André 3000 Made an Instrumental Flute Album Because Rapping Feels "Inauthentic"

Unless he can interest you in rhymes about colonoscopies, the Outkast legend doesn't have "anything to talk about in that way"

Photo: Kai Regan

BY Megan LaPierrePublished Nov 16, 2023

When André 3000 announced that he's putting out his first solo album tomorrow (November 17), he didn't waste any time trying to troll anyone: he instantly clarified that it would not feature any rapping. Instead, New Blue Sun is an 87-minute instrumental record that sees the Outkast legend play a bunch of different flutes — which was notably just the way the wind blew him.

The musician opened up about his decision in a new interview with GQ, explaining to journalist Zach Baron that trying to make a rap album right now felt lacking in authenticity for him.

"Sometimes it feels inauthentic for me to rap because I don't have anything to talk about in that way," André 3000 said. "I'm 48 years old. And not to say that age is a thing that dictates what you rap about, but in a way it does."

He continued, "And things that happen in my life, like, what are you talking about? 'I got to go get a colonoscopy.' What are you rapping about? 'My eyesight is going bad.'" The artist amended his point by saying that, of course, "you can find cool ways to say it," but trailed off in knowing that the changes he's gone through in his life will naturally equate to changes in his musical direction.

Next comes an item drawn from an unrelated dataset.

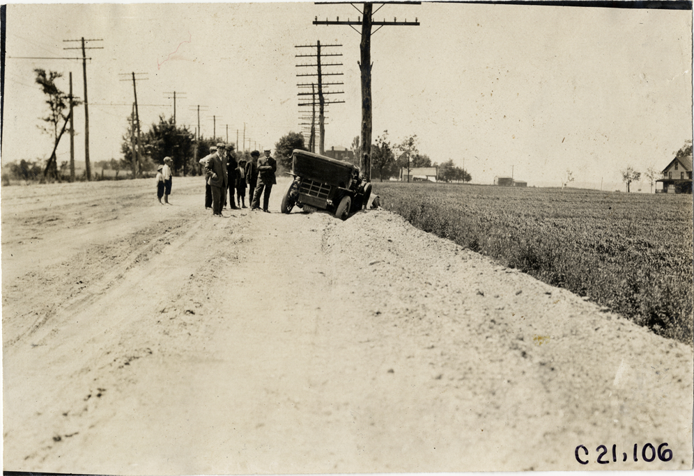 Automobile accident on roadside, 1908 Glidden Tour
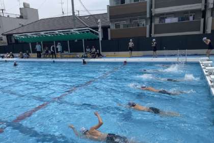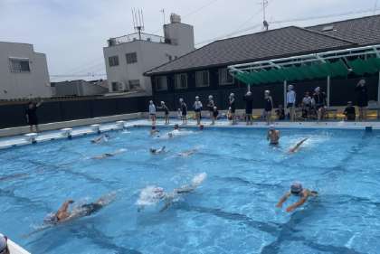 今週はプール開きがありました。少し寒い日もありましたが、プールから子ども達の元気な声が響いてきました。早速6年生は現在の泳力を確かめるために記録をとっていました。

"I've worked with some of the newest, freshest, youngest, and old-school producers," he told Baron elsewhere in the interview. "I get beats all the time. I try to write all the time."

These days, André 3000 just isn't feeling it. "Even now people think, 'Oh, man, he's just sitting on raps, or he's just holding these raps hostage,'" he said. "I ain't got no raps like that."

He told Rolling Stone pretty much the same thing nearly a decade ago: "I've always known that there comes a time when you're just not as hip," the hip-hop great said. "It happens to everybody, and it has nothing to do with talent. It has to do with intensity and time and the world growing around you."